Altro che rottamazione: alle urne sindaci e consiglieri per eleggere le assemblee. Un antipasto di ciò che accadrebbe con il nuovo Senato

La beffa, domenica si vota per le province abolite

L'Italia sembra il paese della magia. Se una cosa non c'è più, riappare all'improvviso. Ma non è magia. L'Italia è il paese dei trucchi. Dove la regola base della nostra politica è: nulla si crea, nulla si distrugge. Non si governa, si fanno giochi di prestigio. Magari in pochi se ne sono accorti, compresi i cittadini, ma domenica si vota. Si vota per le province. Ma non erano state abolite? Appunto. Ma è proprio questo il trucco. Sono state abolite, ma comunque si vota. Abolite, ma per modo di dire. Abolite per la spending review ma si spende lo stesso. Si pensi che per la sola Sicilia la regione autonoma ha stanziato nove milioni di euro per le ex province. Si vota tra il 28 agosto e l'11 settembre a Macerata, Pavia, Mantova, Campobasso, Vercelli, Treviso, Ravenna. E poi per chiudere in bellezza a Cosenza il 23 ottobre. Il trucco è chiamarle elezioni di secondo grado: non votano gli elettori, ma i sindaci. L'obiettivo è eleggere il presidente della provincia, che avrà un vicepresidente e una struttura di governo. Non è una barzelletta, ma il paradosso è esattamente questo. Si vota per un presidente di qualcosa che sulla carta è stato abolito. Il presidente delle province morte. Sembra un racconto di Pirandello o di Buzzati e invece è la fotografia delle riforme istituzionali all'italiana.
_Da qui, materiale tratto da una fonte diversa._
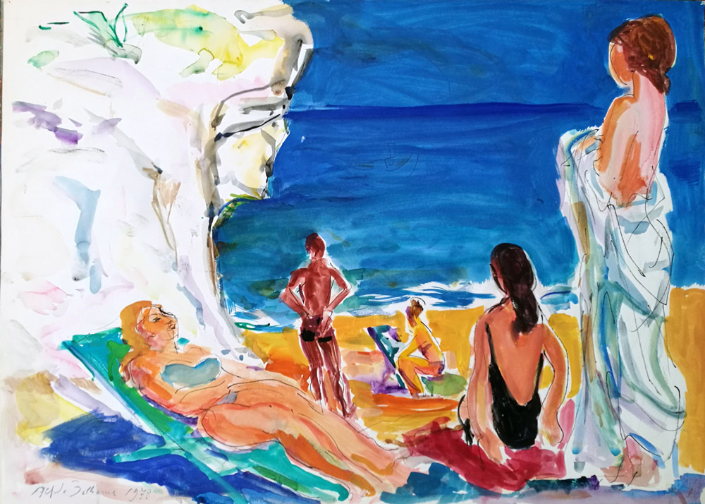 Alfredo Beltrame "Le bagnanti" - 1978 - Tempera su cartoncino - cm 50x70 - Firma dell'artista e data in basso a sx - Provenienza Galleria Accademia To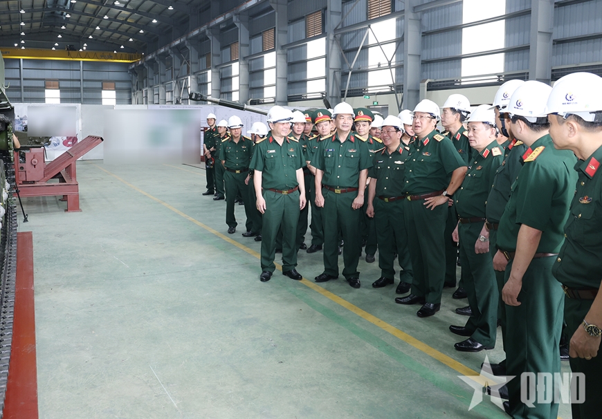 | Thượng tướng Phạm Hoài Nam kết luận kiểm tra tiến độ nghiên cứu, chế tạo xe tăng hạng nhẹ T-1 tại Nhà máy Z125. |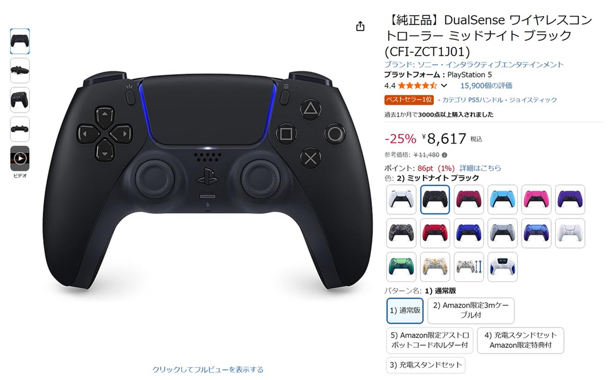 現在Amazonでは「DualSense ワイヤレスコントローラー」を最大25%オフで提供中。通常1万1480円する製品が8617円になるなど、お買い得感の強いセールとなっている。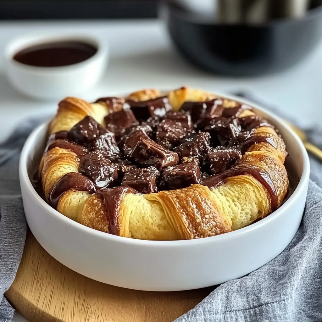 A Chocolate Croissant Breakfast Bake is a delightful dish that combines buttery croissants with rich chocolate, eggs, and cream, baked together to create a warm, gooey breakfast treat. It’s perfect for brunch or a weekend family gathering. The croissants soak up the egg mixture, turning crispy on top and soft inside while the chocolate melts into sweet pockets of goodness.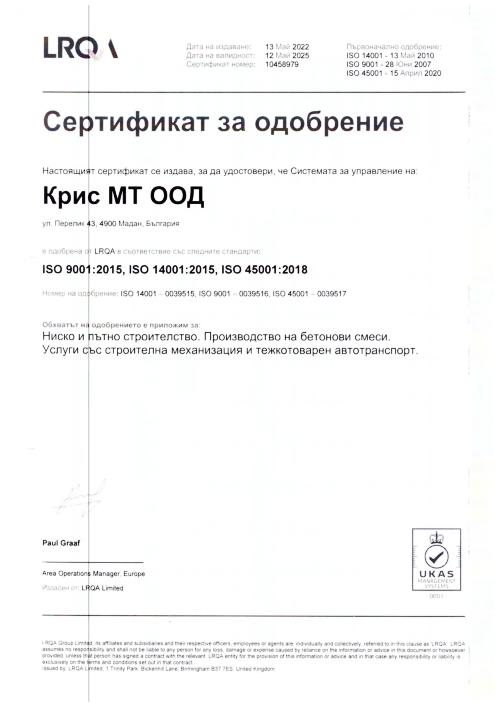| Строителна фирма Крис МТ ООД , Ниско и пътно строителство, Производство на бетонови смеси, Услуги със строителна механизация и тежкотоварен автотранспорт, Крис МТ Мадан | ||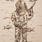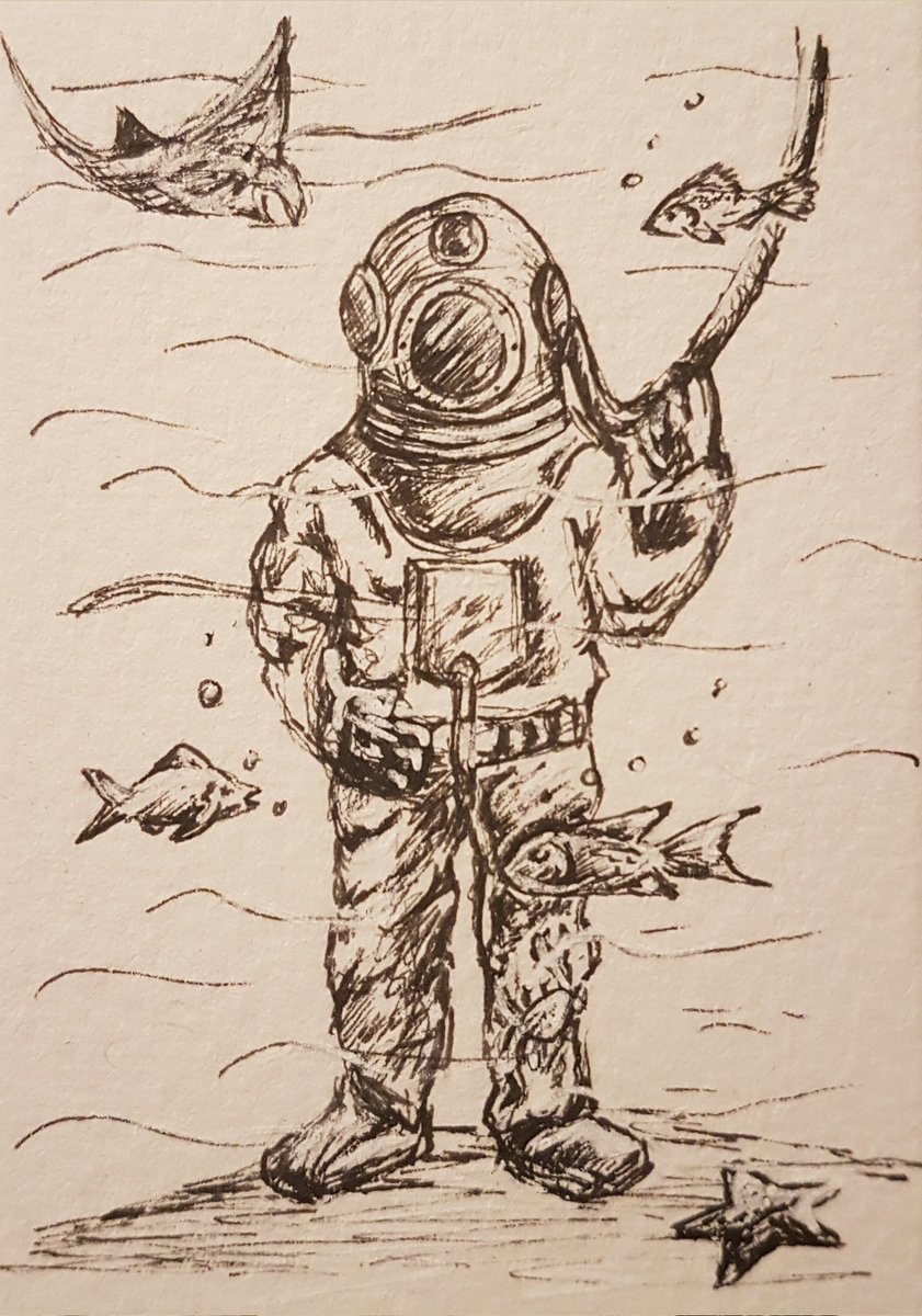 I've caught up on my @inktober pieces. 2. SUIT 3. VESSEL 4. KNOT At least I can share them with you Twitter 😉 #divingsuit #deepseadiver #kraken #knotbird #wadingbird #birdart #inktober2021 #inktober #catchup #penart #aceo #atc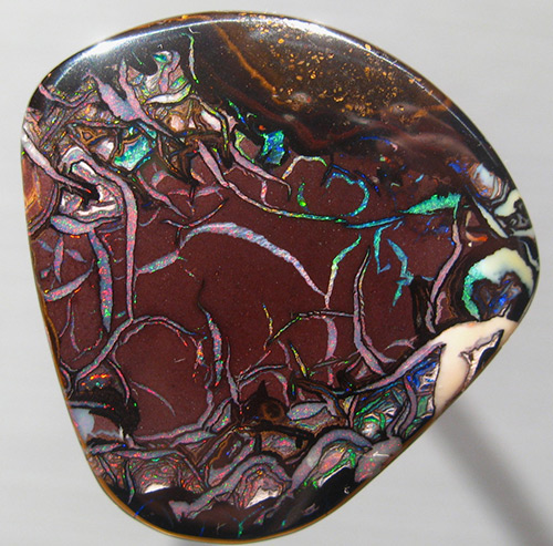 Вашему вниманию предлагается кольцо из золота 585 пробы с болдер опалом и 88-ю бриллиантами! Диаметр бриллиантов 1 мм, общий вес 0,38 карата. Размеры площадки 34 х 35,5 мм, высота 12 мм. Вес изделия 22 г. Размер 17. Ниже приводятся ювелирные характеристики опала.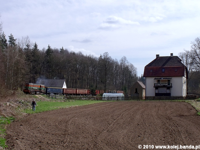 - Jerzmanice Zdrój. T448p-158 z pociągiem towarowym stacza się z Wilczej Góry, zbliżając się do stacji.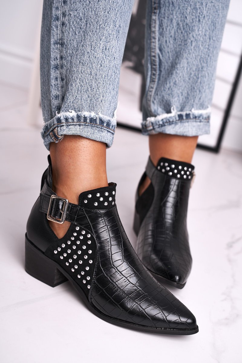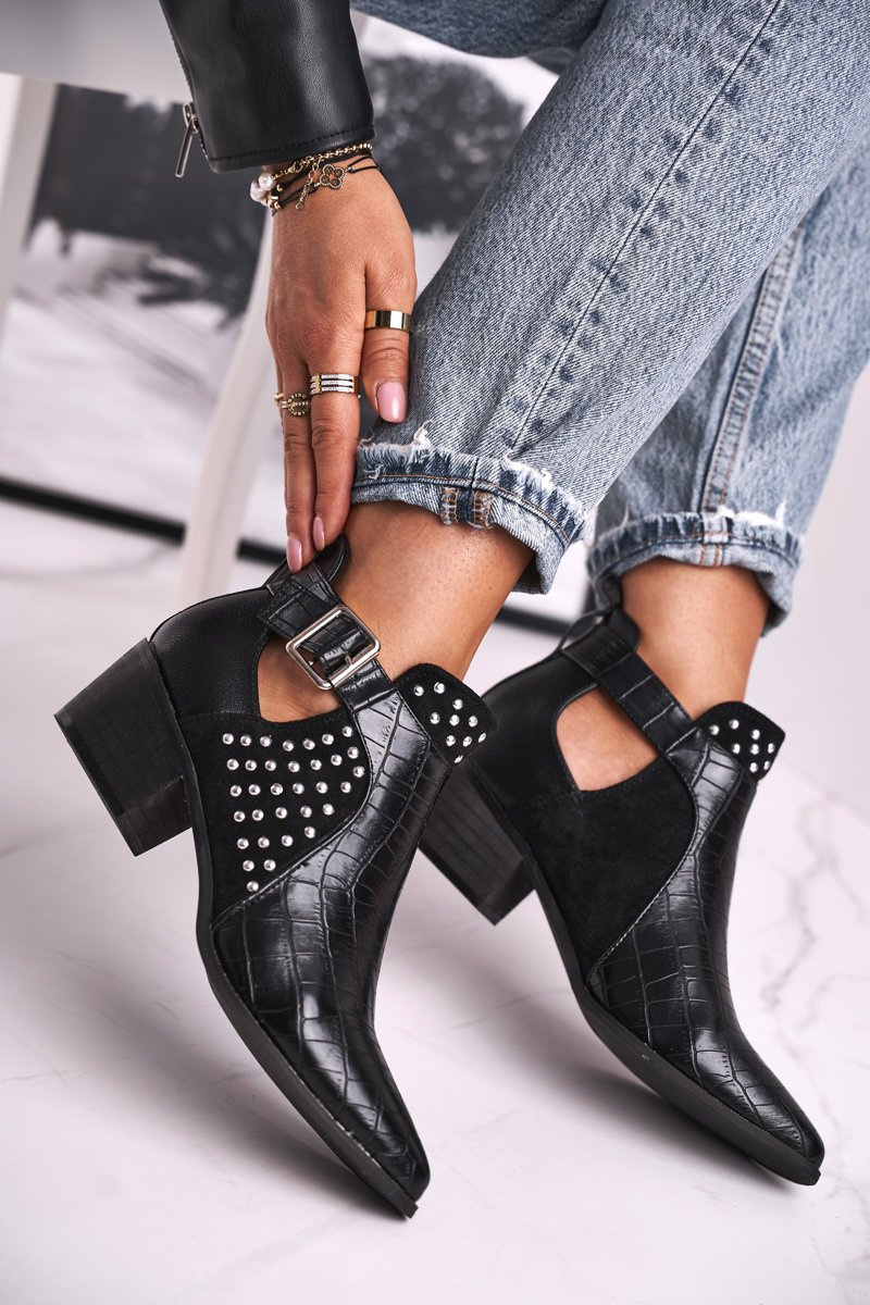 Čierne topánky v klasickej verzii s nosom v Spitz. Majú odsadenie na boku hornej časti a pracky, ktorá uľahčí obliekanie. Nastavenie na nízkej päte, ktorá zdôrazní vašu postavu. Pri výbere veľkosti navrhnite tabuľku veľkosti.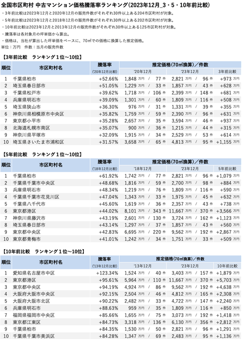 「不動産×WEB×ビッグデータ」の領域で、さまざまな不動産テックサービスを展開する株式会社ワンノブアカインド(本社:東京都港区、代表取締役社長:川島 直也、以下当社)は、当社が運営するマンション情報サイト「マンションレビュー」の保有データを元に、2023年12月の全国市区町村における中古マンションの相場を調査。坪単価をベースに70㎡での価格に換算した「中古マンション価格」*1と価格ランキング上位20件について過去10年間の価格推移、および1年前からの価格の上昇率を表す「騰落率」のランキングを発表いたします。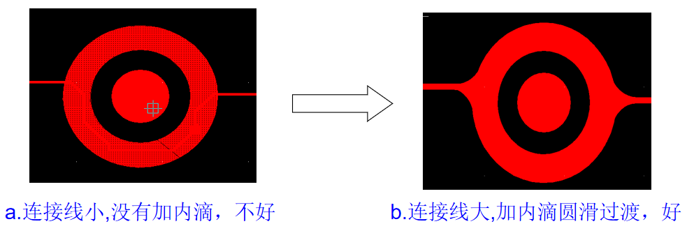 按鍵的連接線線寬最小0.2mm,在與按鍵的交接處要加圓滑內滴過渡,所以焊盤都要加內滴。
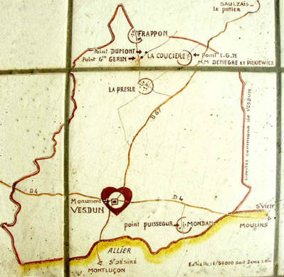 (de heer Puissegur, professor in de - 1984 (Jean Denegre en Claude Pilkiewicz, ingenieurs geografen van het IGN): bij La Coucière. Vesdun en de vier centrumplekken zijn aangegeven op de topografische kaart. Klik hier |
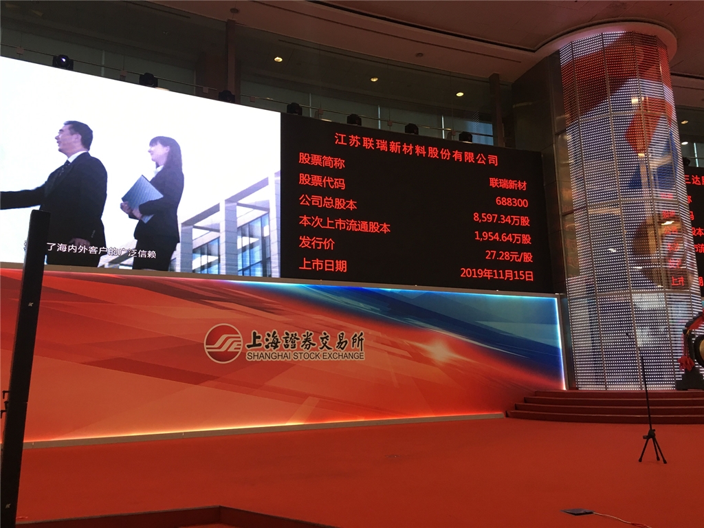 | 11月15日上午9時(shí)30分,工投集團(tuán)產(chǎn)業(yè)基金投資企業(yè)——江蘇聯(lián)瑞新材料股份有限公司(以下簡(jiǎn)稱(chēng)“聯(lián)瑞新材料”)首次公開(kāi)發(fā)行A股上市儀式于上海證券交易所舉行。集團(tuán)公司黨委書(shū)記、董事長(zhǎng)楊龍,資產(chǎn)管理公司有關(guān)人員受邀出席儀式。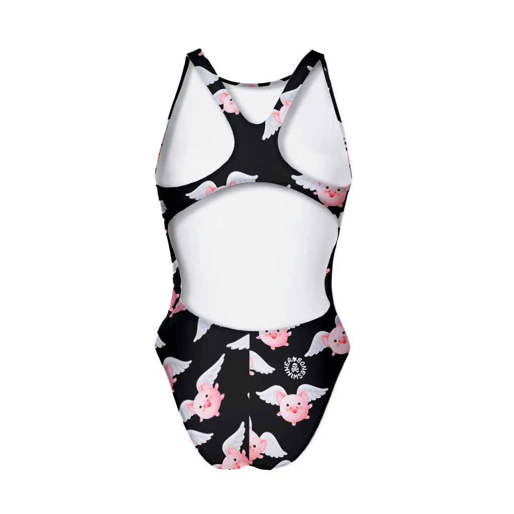 Costume intero sgambato con spalline larghe e aperto sui fianchi – 100%PL PBT resistente al cloro, all’usura e alle sollecitazioni più estreme.

La stessa cosa avverrà con il Senato. In teoria se va in porto il progetto di Renzi il Senato scompare. Una sola Camera basta e avanza. Solo che al posto del vecchio Senato ci sarà un nuovo Senato, la differenza è che i senatori non saranno scelti direttamente dai cittadini ma selezionati tra i consiglieri regionali. È un altro trucco. Il prezzo da pagare per questo spettacolo degno di Silvan è che invece di semplificare si rende tutto più complicato. Il referendum diventa allora una sorta di «Sim Sala Bim», lo stesso Silvan tempo fa svelò che la formula magica viene dal ritornello di una canzone danese, ma di fatto nella politica italiana si può tranquillamente tradurre con un «stai sereno». Renzi non l'ha usata solo per Letta, ma ogni volta che ci ha illuso con i suoi giochi di prestigio: da una parte prendo e dall'altra tolgo. Avete presente gli 80 euro? Il trucco è sempre lo stesso. Matteo voleva il referendum non per abolire il Senato ma per farsi battere le mani, con un plebiscito. Ora che teme i fischi vi racconta che non si va a votare per applaudire il mago, ma per il futuro dell'Italia.

Ma questo più che un trucco è una presa per i fondelli. Allora attenzione, se il presidente del Consiglio vi dice «Sim Sala Bim», fa apparire e scomparire le cose, non state per niente sereni. Vi sta semplicemente fregando.